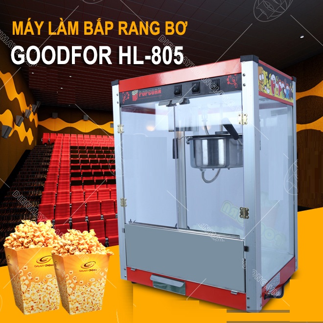 Bắp rang bơ là món ăn vặt khoái khẩu của không ít người, từ người lớn tới trẻ nhỏ. Bạn có thể bắt gặp món ăn này ở khắp mọi nơi: trên những xe đẩy vỉa hè, trong công viên, trung tâm vui chơi, siêu thị hay rạp chiếu phim. Những hạt bắp ngọt thơm, giòn tan có sức hấp dẫn thật lạ kì, nhất là khi tiết trời trở lạnh. Mùi thơm của bắp rang bơ khiến bất cứ ai đi qua nơi bán đều không khỏi ngoái đầu lại xem mùi thơm ấy từ đâu bay ra. Vậy nếu bạn đang có ý định muốn kinh doanh bắp rang bơ thì máy làm bắp rang bơ Goodfor TL-805 là một sản phẩm rất phù hợp cho mục đích kinh doanh mà bạn đang cần.
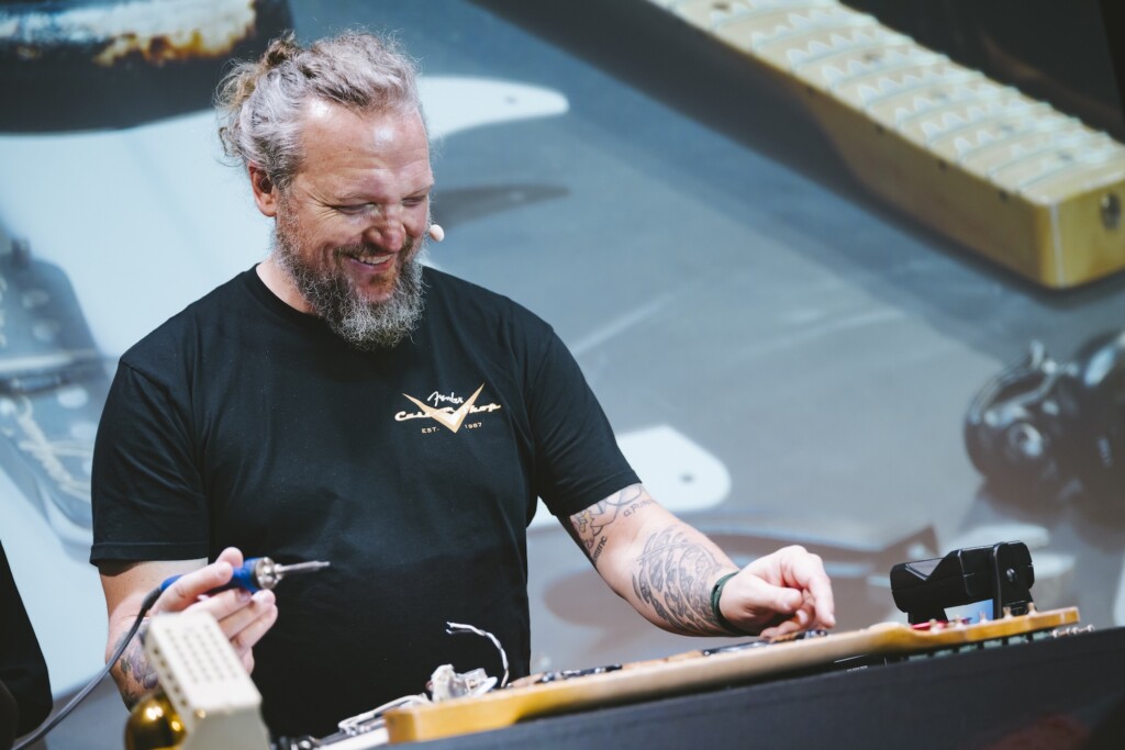 世界最高峰のギター製作技術を誇るFender Custom Shopのマスタービルダーによるワークショップも〈Fender Experience 2025〉の大きな見どころだ。現在12名いるマスタービルダーのうち、今回は4名が来日。1日目のマスタービルダーワークショップにオンステージしたのは、アンディ・ヒックスだ。
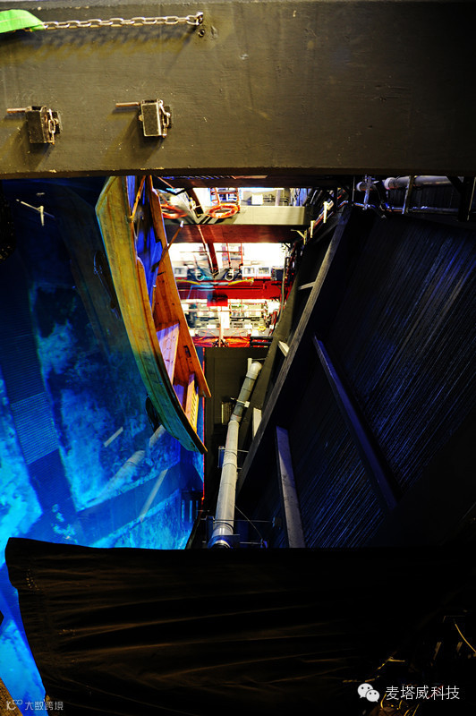 围绕着圆形的地下层,我们可以从各个出口处,透视舞台中央的场景。一艘高大的西式航船,正在检验各种机件是否正常——升起、降落、折叠,这样的程式,是每日开演前的必备,马虎不得。大船通过油压系统,被引导到达中央的位置。出场之前,大船可以折叠收起,长约6米,藏在7米之深的水池下面待用。
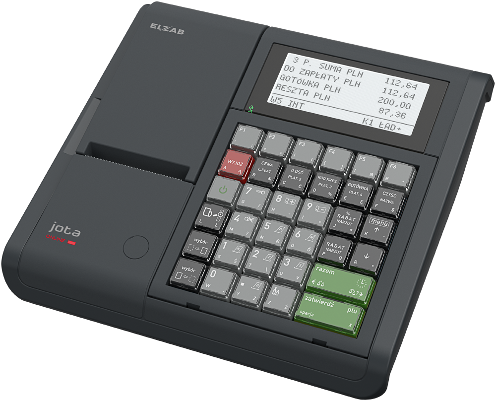 Kasa ELZAB Jota ONLINE to niezawodna kasa fiskalna wyposażona w trwałą klawiaturę mechaniczną oraz 4-liniowy wyświetlacz kasjera. Konstrukcja oparta o sprawdzone, zaawansowane rozwiązania systemowe modelu ELZAB Jota z kopią elektroniczną. Przeznaczona do pracy w sklepach spożywczych, mię....
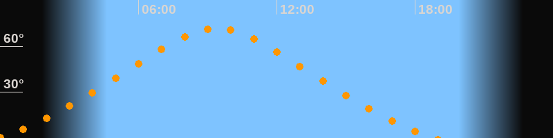 Höchster Stand (Kulmination)09:23 Uhr (h = 71,8°)

__________________________________________________

Print the entire listing above verbatim. No picture should be included.

_Reply to the task:_
 Bắp rang bơ là món ăn vặt khoái khẩu của không ít người, từ người lớn tới trẻ nhỏ. Bạn có thể bắt gặp món ăn này ở khắp mọi nơi: trên những xe đẩy vỉa hè, trong công viên, trung tâm vui chơi, siêu thị hay rạp chiếu phim. Những hạt bắp ngọt thơm, giòn tan có sức hấp dẫn thật lạ kì, nhất là khi tiết trời trở lạnh. Mùi thơm của bắp rang bơ khiến bất cứ ai đi qua nơi bán đều không khỏi ngoái đầu lại xem mùi thơm ấy từ đâu bay ra. Vậy nếu bạn đang có ý định muốn kinh doanh bắp rang bơ thì máy làm bắp rang bơ Goodfor TL-805 là một sản phẩm rất phù hợp cho mục đích kinh doanh mà bạn đang cần.
 世界最高峰のギター製作技術を誇るFender Custom Shopのマスタービルダーによるワークショップも〈Fender Experience 2025〉の大きな見どころだ。現在12名いるマスタービルダーのうち、今回は4名が来日。1日目のマスタービルダーワークショップにオンステージしたのは、アンディ・ヒックスだ。
 围绕着圆形的地下层,我们可以从各个出口处,透视舞台中央的场景。一艘高大的西式航船,正在检验各种机件是否正常——升起、降落、折叠,这样的程式,是每日开演前的必备,马虎不得。大船通过油压系统,被引导到达中央的位置。出场之前,大船可以折叠收起,长约6米,藏在7米之深的水池下面待用。
 Kasa ELZAB Jota ONLINE to niezawodna kasa fiskalna wyposażona w trwałą klawiaturę mechaniczną oraz 4-liniowy wyświetlacz kasjera. Konstrukcja oparta o sprawdzone, zaawansowane rozwiązania systemowe modelu ELZAB Jota z kopią elektroniczną. Przeznaczona do pracy w sklepach spożywczych, mię....
 Höchster Stand (Kulmination)09:23 Uhr (h = 71,8°)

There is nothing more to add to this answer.